Work task
Keep the pictures out. Write out every line of the listing exactly.

Information supplied
++++
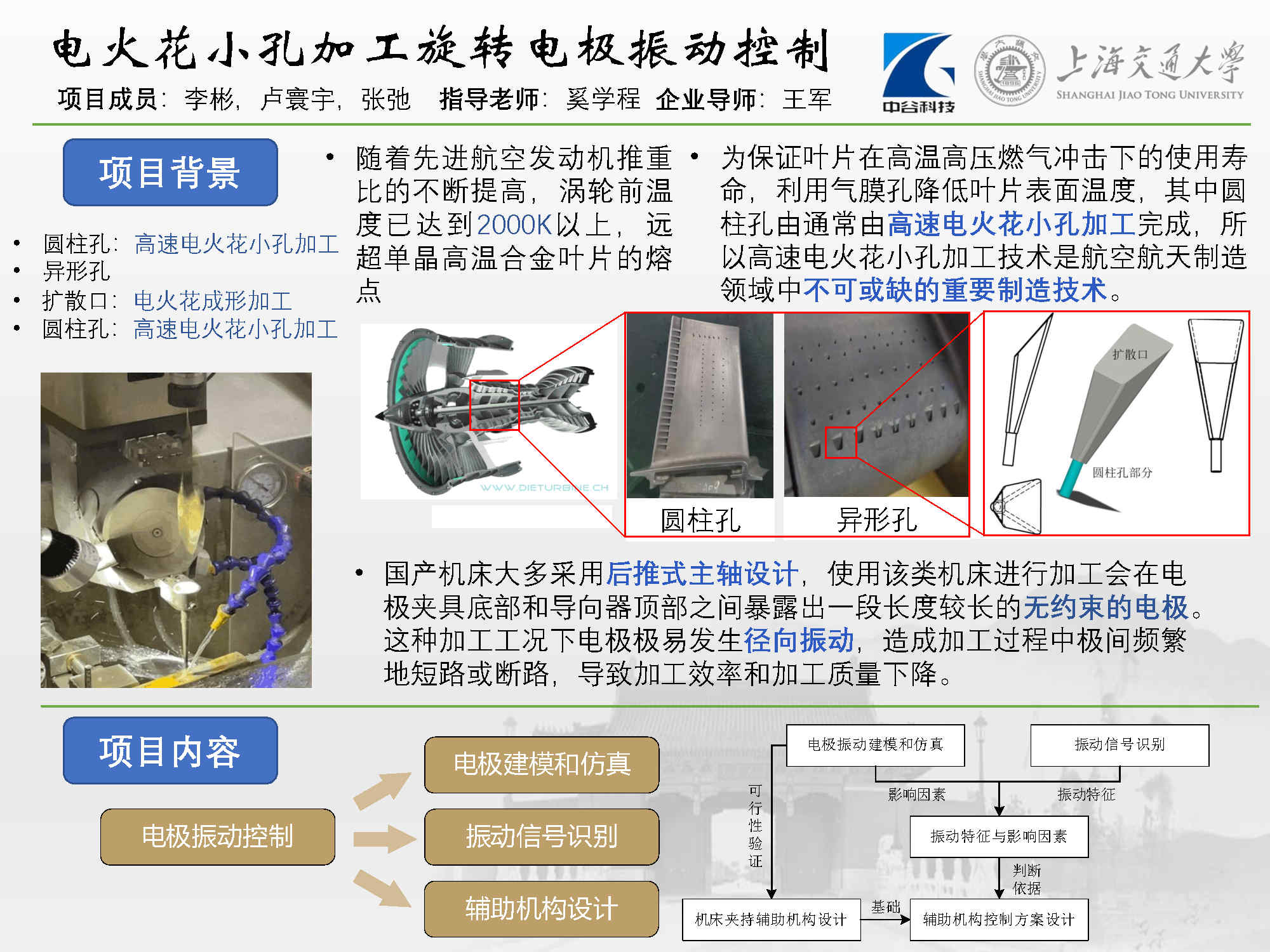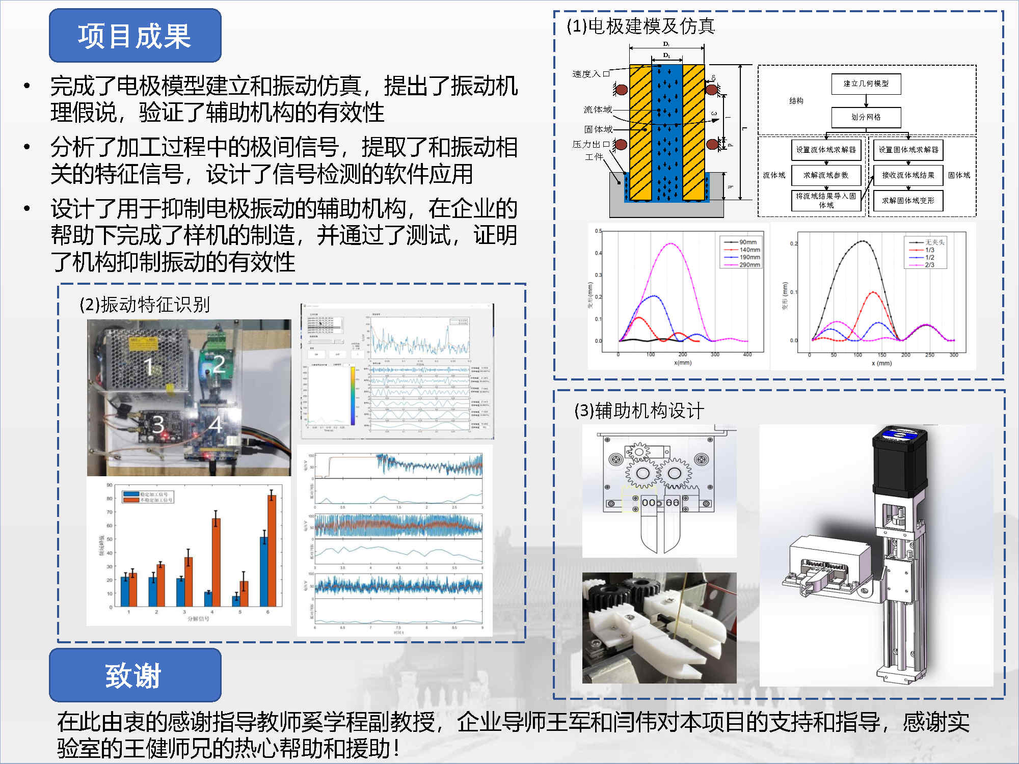 總體目標(biāo)是設(shè)計(jì)一款適用于中谷集團(tuán)現(xiàn)有的后推式主軸機(jī)床的電極輔助夾持裝置,具體包括:建立數(shù)學(xué)模型以及電極有限元模型,探究電極絲振動(dòng)成因,分析電極絲振動(dòng)的影響因素;搭建信號(hào)采集系統(tǒng),對(duì)電火花加工過程中振動(dòng)信號(hào)進(jìn)行分析與識(shí)別,尋找電極發(fā)生振動(dòng)時(shí)的特征信號(hào);基于仿真結(jié)果以及客戶需求完成夾持機(jī)構(gòu)、升降機(jī)構(gòu)的詳細(xì)設(shè)計(jì),繪制工程圖圖紙,最后進(jìn)行樣機(jī)的加工裝配,驗(yàn)證抑制振動(dòng)的有效性。
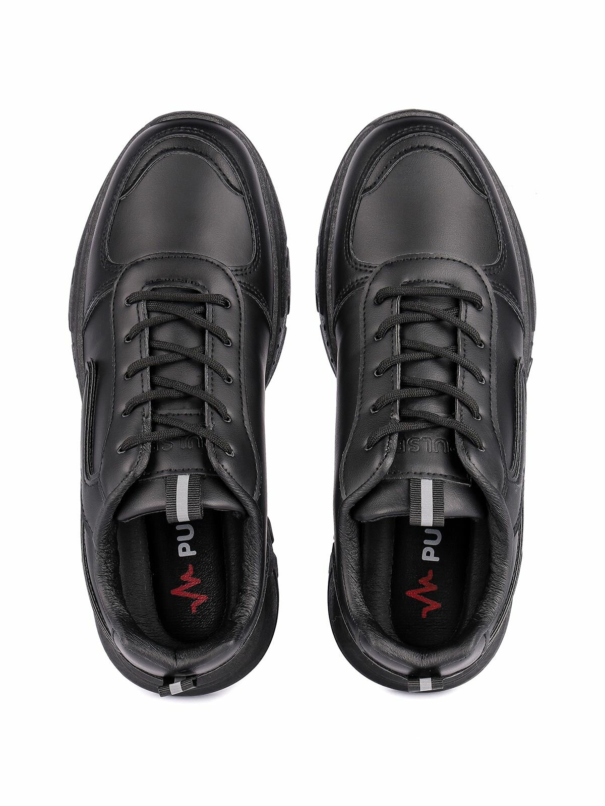 Купить Осенние и летние черные женские кроссовки из эко кожи на шнурках Pulse 203-32WB-805ST
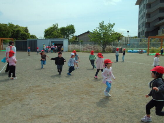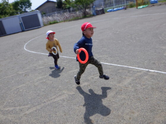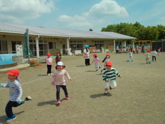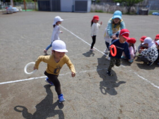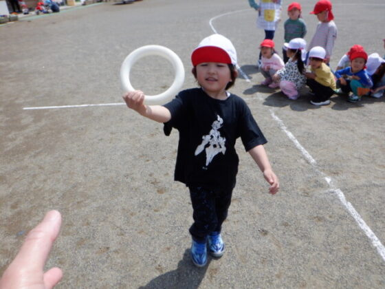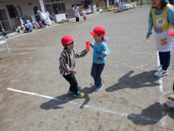 戸外に出て、リレーをしました。今日はバトンを使用したので、よりやる気満々な子どもたちで、一緒に走る子に負けないようにと一生懸命に走っていました。誰にバトンを渡すかもしっかりと理解し、上手に渡す事ができていました♪
++++
Written reply
 總體目標(biāo)是設(shè)計(jì)一款適用于中谷集團(tuán)現(xiàn)有的后推式主軸機(jī)床的電極輔助夾持裝置,具體包括:建立數(shù)學(xué)模型以及電極有限元模型,探究電極絲振動(dòng)成因,分析電極絲振動(dòng)的影響因素;搭建信號(hào)采集系統(tǒng),對(duì)電火花加工過程中振動(dòng)信號(hào)進(jìn)行分析與識(shí)別,尋找電極發(fā)生振動(dòng)時(shí)的特征信號(hào);基于仿真結(jié)果以及客戶需求完成夾持機(jī)構(gòu)、升降機(jī)構(gòu)的詳細(xì)設(shè)計(jì),繪制工程圖圖紙,最后進(jìn)行樣機(jī)的加工裝配,驗(yàn)證抑制振動(dòng)的有效性。
 Купить Осенние и летние черные женские кроссовки из эко кожи на шнурках Pulse 203-32WB-805ST
 戸外に出て、リレーをしました。今日はバトンを使用したので、よりやる気満々な子どもたちで、一緒に走る子に負けないようにと一生懸命に走っていました。誰にバトンを渡すかもしっかりと理解し、上手に渡す事ができていました♪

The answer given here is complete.